Calling printf in extended inline ASM
Asked Answered
M

1

5

I'm trying to output the same string twice in extended inline ASM in GCC, on 64-bit Linux.

int main()
{
    const char* test = "test\n";

    asm(
        "movq %[test], %%rdi\n"    // Debugger shows rdi = *address of string*  
        "movq $0, %%rax\n"

        "push %%rbp\n"
        "push %%rbx\n"
        "call printf\n"         
        "pop %%rbx\n"
        "pop %%rbp\n"

        "movq %[test], %%rdi\n" // Debugger shows rdi = 0
        "movq $0, %%rax\n"

        "push %%rbp\n"
        "push %%rbx\n"
        "call printf\n"     
        "pop %%rbx\n"
        "pop %%rbp\n"
        : 
        :  [test] "g" (test)
        : "rax", "rbx","rcx", "rdx", "rdi", "rsi", "rsp"
        );

    return 0;
}

Now, the string is outputted only once. I have tried many things, but I guess I am missing some caveats about the calling convention. I'm not even sure if the clobber list is correct or if I need to save and restore RBP and RBX at all.

Why is the string not outputted twice?

Looking with a debugger shows me that somehow when the string is loaded into rdi for the second time it has the value 0 instead of the actual address of the string.

I cannot explain why, it seems like after the first call the stack is corrupted? Do I have to restore it in some way?

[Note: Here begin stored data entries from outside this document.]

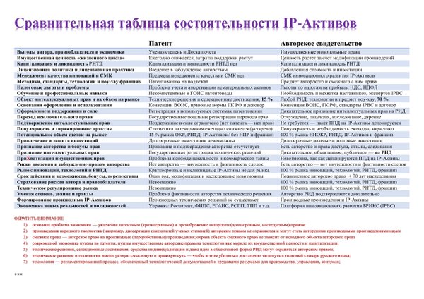 ллектуальных прав на рынках БРИКС, ЕАЭС, РФ, ШОС» и учебные программы к нему (); к сожалению — знания, понимание, навыки приходят не сразу. Обсуждения включают: профилактику рисков увлечения патентным и пренебрежения авторским правом, имитации интеллектуальных прав для налогообложения, медиации, арбитража, позитивной репутации и фиктивности, ничтожности сделок с IP-Активами; правовые нормы авторского, смежного права, ноу-хау и коммерциализацию интеллектуальных прав; Стандарты обычаев делового оборота IP-Активов БРИКС и Директивы Платформы инновационного развития БРИКС (IPBC); паспортизацию и менеджмент IP-Активов, нематериальных активов, секретов производства для коммерческой концессии; международную регистрацию СТО/ТУ инновационных предприятий для рынков БРИКС, ЕАЭС, РФ, ШОС; добавленную стоимость инноваций, конкурентных преимуществ и инвестиционную привлекательность правообладателя IP-Активов; защиту интеллектуальных прав работников и работодателей профсоюзами; аттестацию инновационных предприятий, медиаторов, наставников практик, экспертов-аудиторов, центров компетенций. Цель обсуждений и практикумов — оптимизация паспортизации IP-Активов и подготока совместно с наставником IPBC необходимой авторам и их правопреемникам, инвесторам и страховщикам, налоговикам и правоохранителям, бухгалтерам и аудиторам, медиаторам и арбитражу право-подтверждающей документацией на IP-Активы в режиме авторского и смежного права, технических решений и технологий, селекционных достижений и коммерческой тайны ноу-хау. Подробности: IPBC.ВКонтакте —; IPBC.Телеграмм —; Консорциум IPM и IPBC —.
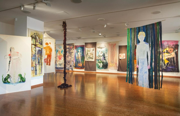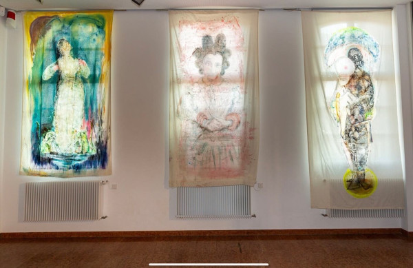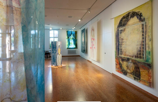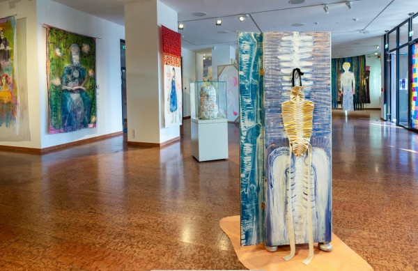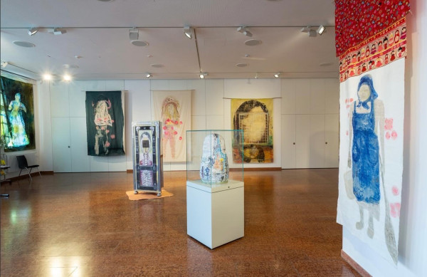 Mittelpunkt der in drei Segmenten aufgeteilten Hanauer Ausstellung wird das Foyer des Neustädter Rathauses am Markt bilden. Großformatige Textilarbeiten, Keramiken, ein zum Zopf geflochtener Afghan-Teppich, ein bemalter und verspiegelter Dreiecksschrank, ein durchscheinender Paravent sowie ein Performance-Video laden die Besucher- innen und Besucher ein, durch eine interaktive, Märchen und Mythen bezogene Rauminstallation zu wandeln.
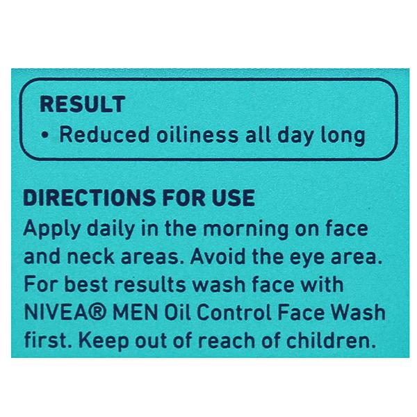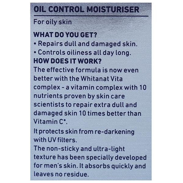NIVEA MEN Oil Control Moisturiser, with its ultra-light texture, contains whitanat vita complex plus - a vitamin complex with 10 nutrients, including whitanat, that is proven to repair dull and damaged skin and control oiliness. The effective, fast-absorbing formula also contains UV filters to protect the skin and is specially designed for men's skin.
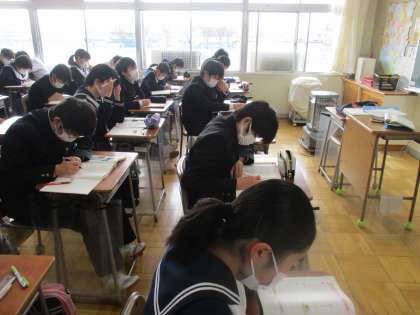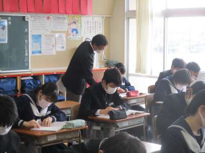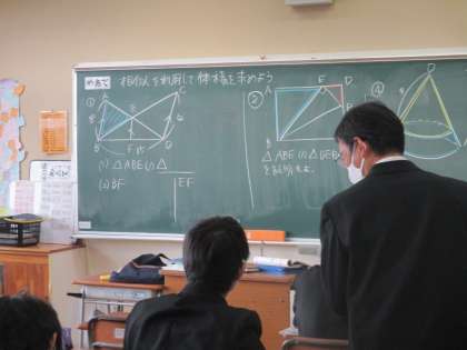 12月10日(金)3年生数学の授業 公開日 2021/12/10 更新日 2021/12/10 できごと 3年生数学の授業の様子です。 今日は、相似の学習のまとめです。 章末の問題にチャレンジしました。今までに習ったことのない難しい問題に苦戦する生徒も少なくなかったようです。 「なるほど、そこに気づけばいいのか。」という声が聞こえてきそうでした。
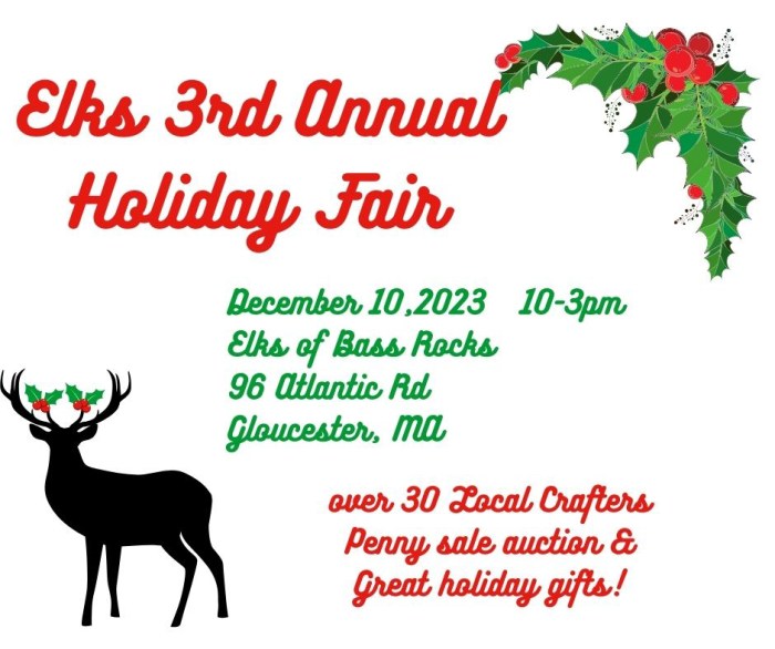 Thank you for shopping local and see you at the Elks, Gloucester. See you there
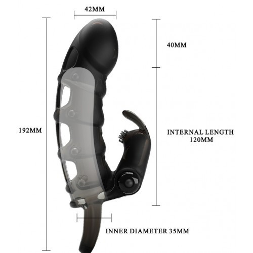 Κάνε το πέος σου ένα φυσικό δονητή με αυτό το μαλακό κάλυμμα πέους το οποίο προσφέρει 3 εκατοστά επιμήκυνσης και διαθέτει 10 διαφορετικές λειτουργίες δονήσεων, οι οποίες θα συνεπάρουν όχι μόνο εσένα, αλλά και το ταίρι σου. Ενώ το κάλυμμα φοριέται κατά την ερωτική επαφή, η δόνησεις μεταφέρονται στο σημείο ''κουνελλάκι'' του καλύμματος, προσφέροντας στην κλειτορίδα της γυναίκας απίστευτες αισθήσεις. Οι δυνατότητες του καλύμματος δεν σταματάνε εκεί όμως, ενώ λόγω των δονήσεων επιτρέπει στο πέος να είναι ακόμη πιο σκληρό εν στύση, δίνοντας σου την δυνατότητα να αντέξεις περισσότερο!
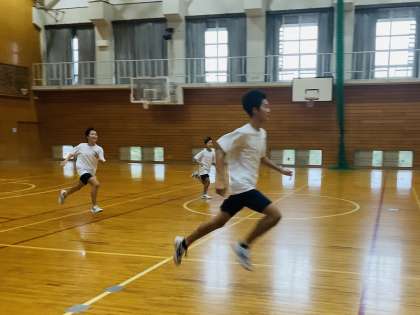 本日放課後、ランチルームと体育館で陸上部がトレーンングを行っていました。写真は二重跳びや鬼ごっこなどを通して体力作りに励んでいる様子です。月曜日に迫る秋季大会の意気込みを副キャプテンに聞いたところ皆「決勝に残りましょう!」と話してくれました。がんばってください!

Muldrow answered 28/5, 2016 at 19:5 Comment(5)
@Michael Petch Thanks, I read about that and it looks like it could be the problem. I also noticed that if I declare the strings outside of main it works as intended. Do I even have to preserve rbp and rbx?Muldrow
If RBP is in the same pointer at the end of your inline assembler as it is when it started no reason to save it. RBX is a non-volatile register so it's value is preserved across the call to _printf per the 64-bit calling convention. Whether registers are considered volatile (not saved across a function call) or non-volatile (preserved across a function call) can be found in the System V ABI in figure 3.4.Tronna
@Michael Thank you, it definitely was that. Either moving the strings declaration outside of main or subtracting 128 and then adding it in the end fixed the problem. I will gladly accept an answer if you feel like writing one.Muldrow
@Michael I agree, I would never use inline ASM in such a way but unfortunately this is part of a university course and I have to stick to it.Muldrow
related: stackoverflow.com/questions/3467180/…Gesellschaft
T
13

Specific problem to your code: RDI is not maintained across a function call (see below). It is correct before the first call to printf but is clobbered by printf. You'll need to temporarily store it elsewhere first. A register that isn't clobbered will be convenient. You can then save a copy before printf, and copy it back to RDI after.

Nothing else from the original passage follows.